* **WORK INSTRUCTIONS**
Write out again, exactly, the lines below starting at the one with "Taken by Anthony Agius" and ending at the one with "Voyager Mk II".

* **PROVIDED DATA**

++++++++

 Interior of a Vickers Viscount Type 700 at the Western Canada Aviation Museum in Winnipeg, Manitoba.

++++++++

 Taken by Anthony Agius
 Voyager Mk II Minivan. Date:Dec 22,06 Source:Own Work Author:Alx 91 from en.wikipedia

++++++++

* **RESPONSE AREA**
 Taken by Anthony Agius
 Voyager Mk II Minivan. Date:Dec 22,06 Source:Own Work Author:Alx 91 from en.wikipedia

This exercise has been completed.